10. Gemini for Science accelerates research
Expanding into advanced technical fields, Google announced Gemini for Science, a collection of three experimental tools on Google Labs designed to streamline research. This includes "Hypothesis Generation" (which uses a multi-agent "idea tournament" to debate and evaluate scientific claims), "Computational Discovery" (an agentic engine that tests thousands of code variations in parallel for fields like epidemiology), and "Literature Insights" (which categorizes scientific texts into searchable tables). These tools began gradually opening access on May 19. The Hypothesis Generation tool is particularly innovative, simulating a panel of AI reviewers that challenge and refine hypotheses, potentially accelerating the pace of discovery in fields like materials science and drug development. Computational Discovery automates the tedious process of parameter tuning and simulation runs. Literature Insights uses natural language processing to extract key findings and relationships from millions of papers, creating a structured knowledge base. Early feedback from test institutions has been positive, with researchers noting a 40% reduction in time spent on literature reviews.

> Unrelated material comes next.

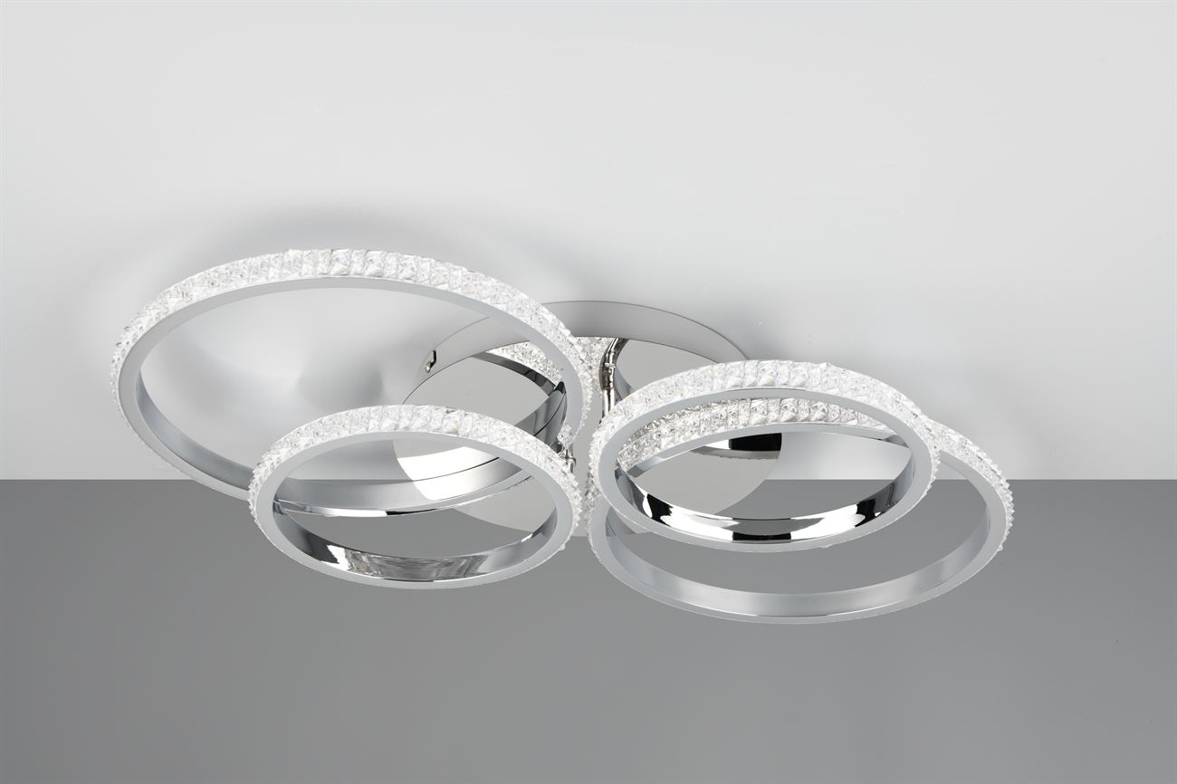 Τα φωτιστικά οροφής με γεωμετρικά σχήματα κάνουν μια εντυπωσιακή δήλωση! Οι περιστρεφόμενες μονάδες του φωτιστικού CIRES ανοίγουν ένα ευρύ φάσμα επιλογών σχεδίασης και επιτρέπουν δημιουργικές ρυθμίσεις. Με τον ενσωματωμένο ροοστάτη SWITCH, μπορούν επίσης να επιλεγούν τρία επίπεδα φωτεινότητας (100%, 50% και 25%) μέσω του συμβατικού διακόπτη φωτισμού για να δημιουργήσετε διαφορετικές διαθέσεις φωτισμού. Ο σχεδιασμός χρωμίου με διαφανή κρυστάλλινα εφέ προσθέτει μια κομψή πινελιά στο σπίτι σας. Το φωτιστικό διαθέτει επίσης σύγχρονη τεχνολογία LED, η οποία χαρακτηρίζεται από υψηλή ποιότητα φωτισμού και ενεργειακή απόδοση. Σε σύγκριση με τις συμβατικές πηγές φωτός αλογόνου, μπορεί να εξοικονομηθεί έως και 80% του ενεργειακού κόστους. Με τις πηγές φωτός LED, επωφεληθείτε επίσης από τη μεγάλη διάρκεια ζωής και τη χαμηλή παραγωγή θερμότητας προστατεύοντας παράλληλα το περιβάλλον.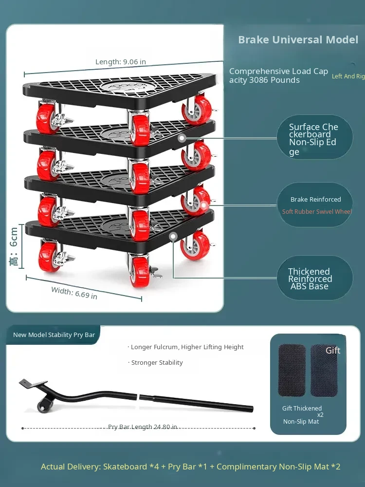 [Movable Special Model] 4 Double Wheels with Double Brakes + Double Tubes + 8 Pillars + Double Anti-Shock Locks

What it costs: The new AI Ultra plan
To support these advanced engineering and creator tools, Google is launching a new $100 monthly AI Ultra plan tailored for developers and power users. The tier grants 5X higher usage limits in the Gemini app and Antigravity than the Pro plan, along with 20 TB of cloud storage. Meanwhile, standard Google AI Pro subscribers will now receive YouTube Premium Lite as part of their subscription at no extra charge. The AI Ultra plan is positioned as a premium offering for heavy users who require extensive API access, faster inference, and priority support. In comparison, the existing Pro plan at $20 per month offers 1 TB storage and standard access. The inclusion of YouTube Premium Lite (ad-free on mobile) adds value for users who consume video content. Google also announced enterprise pricing for organizations that need custom model fine-tuning, dedicated infrastructure, and compliance certifications. The Ultra plan will be available starting in June 2026, with a free trial period for early adopters.